In the last post, I listed the chance that the player going first wins in a game with 2 players. What happens, however, when the number of players in the game blows up, say to a million? The probability comes out to be close to 0.0015, which is just about equal to the probability of one player finishing the game in exactly 7 moves. This actually makes sense since if the player going first in a game with a very large number of players doesn't win in the shortest number of moves possible, chances are that someone else will. Thus, the chance that the first player wins is very close to the probability that he or she finishes in the shortest number of moves possible.

Let's switch gears for a moment and now consider the unlucky fellow who has to go last in the game. How does this change the math? This player, in order to win, cannot tie with anyone else, so all other players must finish in more than y moves.
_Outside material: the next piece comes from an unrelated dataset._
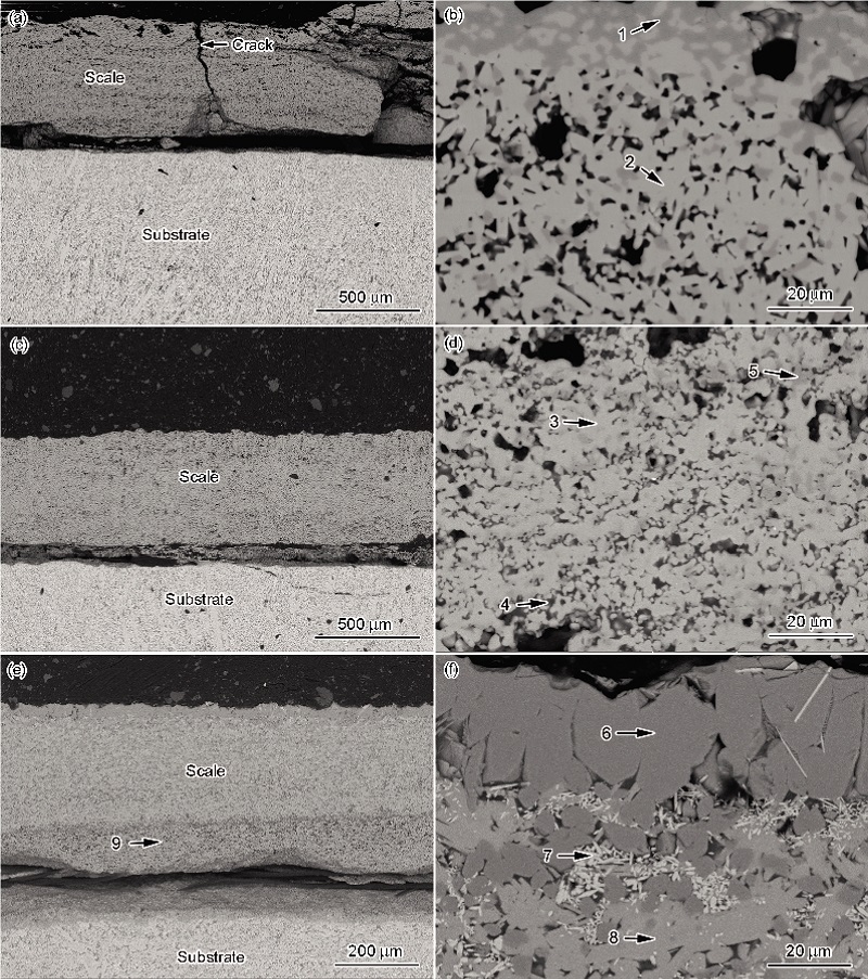 Fig.8 BSE images of cross-sections of scales of 0Zr (a, b), 2Zr (c, d) and 8Zr (e, f) alloys after oxidation at 1250 ℃ for 50 h at low (a, c, e) and high (b, d , f) magnification
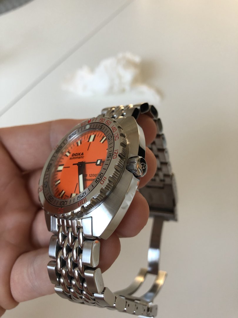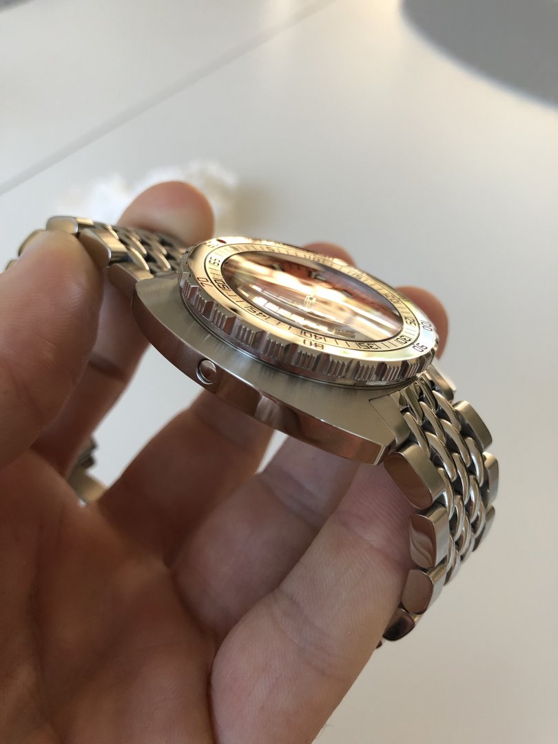 Klokken er lite brukt og fremstår meget pen, men uunngåelige hairlines finnes på bezel.

The probability of the player in last winning in y moves thus translates mathematically to:

Py * (1 - (P7 + P8 + P8 + ... + P(y-1) + Py)^(p-1)
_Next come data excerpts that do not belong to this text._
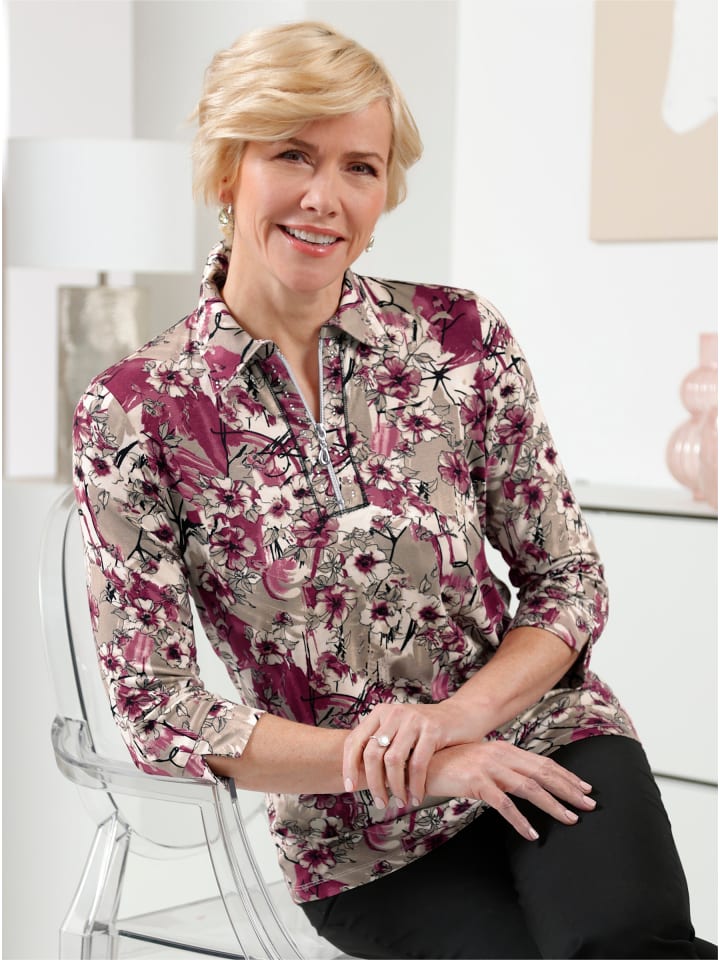 В универсальном цветочном дизайне: рубашка поло с отделкой стразами на воротнике и вдоль короткой молнии. Рукава длиной 3/4 с небольшим разрезом.
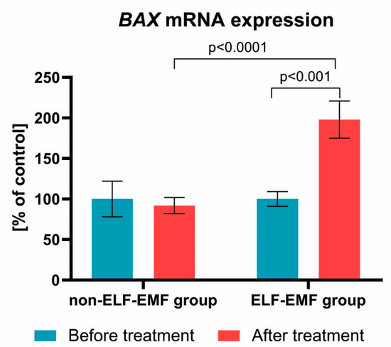 Comparison of the BAX mRNA expression acquired from the study group vs. control. Results formulated as parameter changes before and after therapy (100% expressed for the level of BAX mRNA expression in each patient sample before treatment). Statistical significance between ELF-EMF and non-ELF-EMF groups after 10 sessions amount to p < 0.0001.
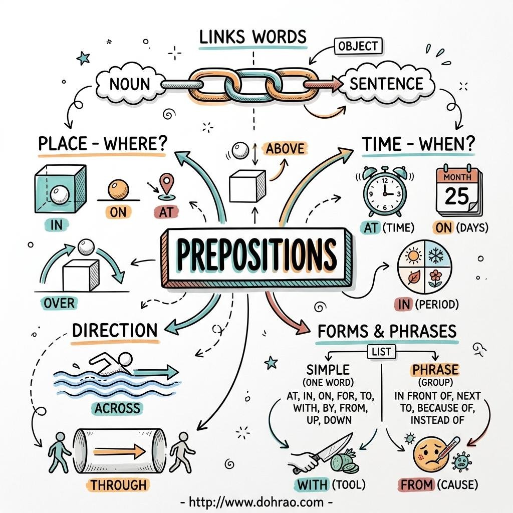 - Prepositions of Place: Used to describe the position of a person or thing. Examples include above, below, beside, and near.
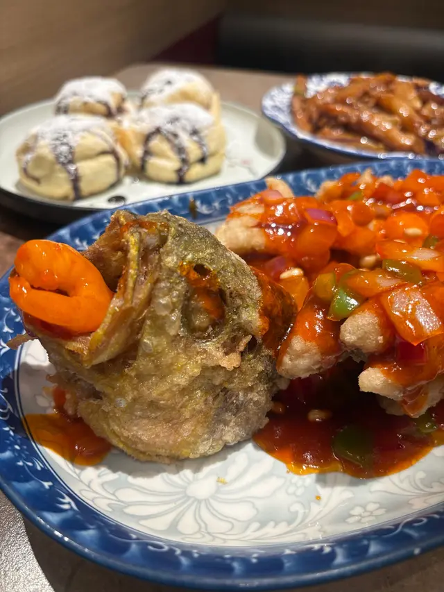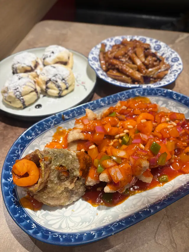 2. 松子大黃魚 呢道菜係今次嘅亮點!大黃魚炸得外脆內嫩,魚肉好滑,無咗晒魚腥味。上面嘅松子同醬汁好夾,甜甜酸酸,仲有松子嘅香脆口感,食落真是一個層次感好豐富嘅菜。份量略為細份咗啲,但質素高,值回票價。
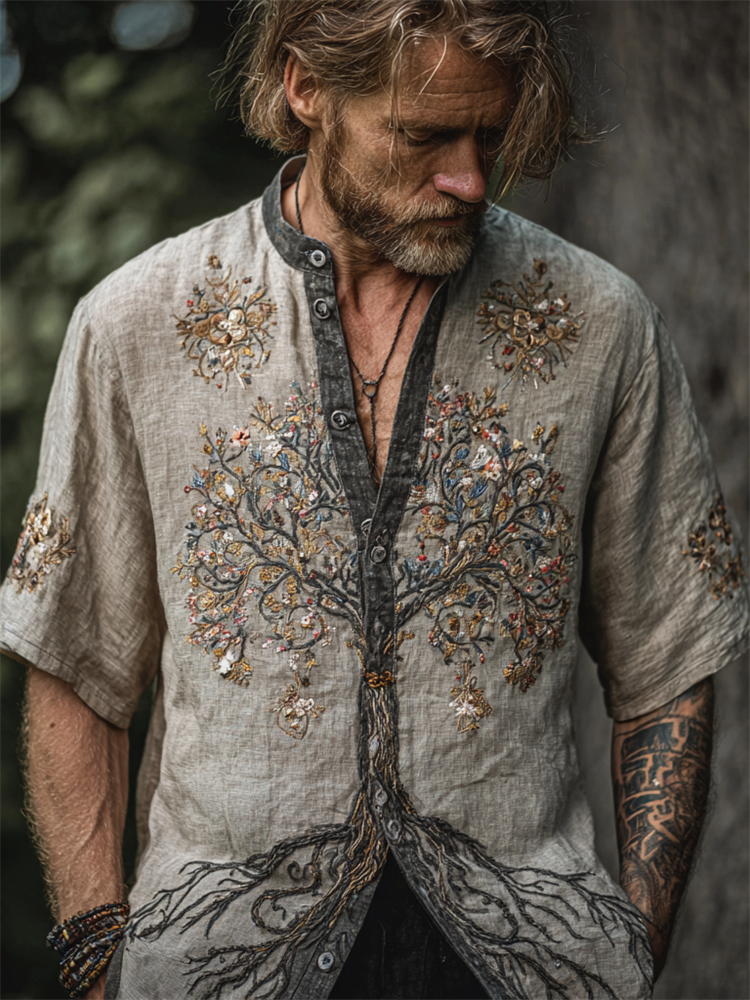 Men's Vintage Boho Floral Tree Of Life Embroidered Linen Shirt
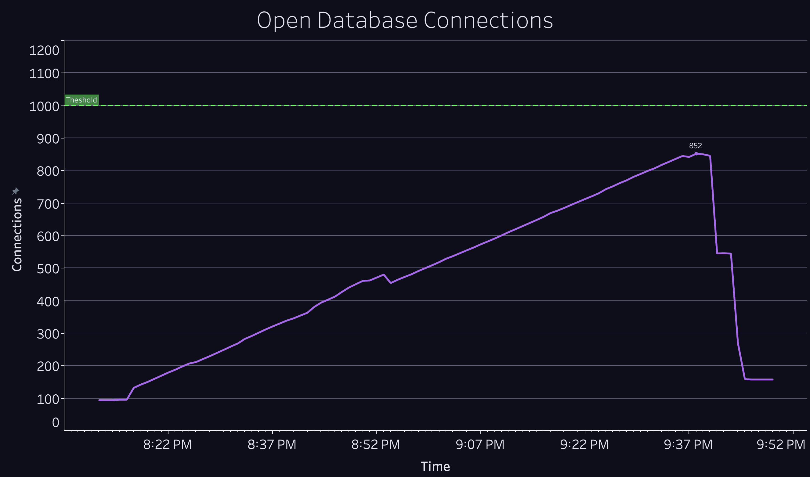 Keeping a close eye on our telemetry as we began scaling past 10k CCU, we noticed a concerning trend: the number of open database connections was increasing quickly, which added stress to our database and also put us at risk of hitting the maximum number of connections allowed.
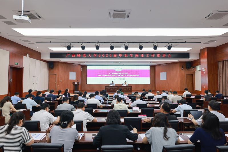 为深入学习贯彻习近平总书记关于做好高校毕业生就业工作的重要指示批示精神,全面贯彻党中央、国务院决策部署,全力以赴推动2025届毕业生更高质量充分就业,5月22日下午,广西师范大学在育才校区国教中心2号楼201报告厅召开2025届毕业生就业工作推进会。校党委副书记、校长孙杰远,各职能部门主要负责人、各学院(部)党委书记、院(部)长、分管学生工作的党委副书记及就业工作相关人员参会。会议由校党委常委、副校长沈星灿主持。
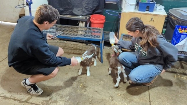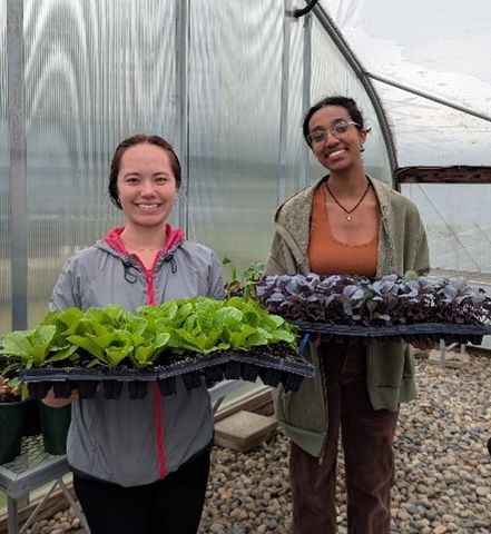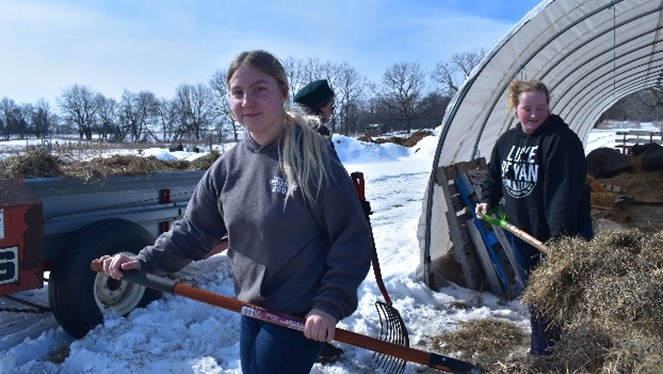 This hands-on collaboration offered students meaningful experience and practical job skills in a real-world farm setting. Two students worked closely with our Livestock Coordinator, Destiny, and our local veterinarian—learning how to care for animals through daily routines like cleaning, feeding, and administering vaccines. Meanwhile, the other students partnered with Sustainable Agriculture Coordinator, Monique, assisting with greenhouse prep and field work in anticipation of the summer crop season.

Note that the only difference between this and the case with the first player is that this time, there is an additional term, Py, enclosed in the parenthetical expression.

Testing this out for the case when there are two players, we get that the probability of the second player winning is equal to 49.2, which is expected based on the probability we found of the first player winning (50.8). As the number of players gets larger and larger, the probability of the last player winning gets closer and closer to 0. When there are a million players, the probability of the last player winning is smaller than 1.0 * 10^-500. It is more likely that someone wins the Mega Million jackpot fifty times in a row than this happens.

Now that we have these two extreme cases down (first and last), let's try to be a bit more general: what is the probability of a player in order k in game with p players winning? We know that there are (p - k) players who this player trumps and ( k - 1) players who trump this player. Thus, this player can finish in the same number of moves as (p - k) players, but he or she must finish in a fewer number of moves than (k - 1) of the players. Thus, the probability of the player with order k winning is equal to:

        Py * (1 - (P7 + P8 + P8 + ... + P(y-1) + Py)^(k-1) * (1 - (P7 + P8 + P8 + ... + P(y-1))^(p-k)

Note that when k = 1 (player goes first) or k = p (player goes last), this turns into one of the two expressions discussed before.

In a game with four players, the probabilities of winning, in order from the player going first to the player going last, are as follows:

0.26007883
0.25322465
0.24657453
        0.24012197

        These add up almost exactly to 1, so our math is probably good.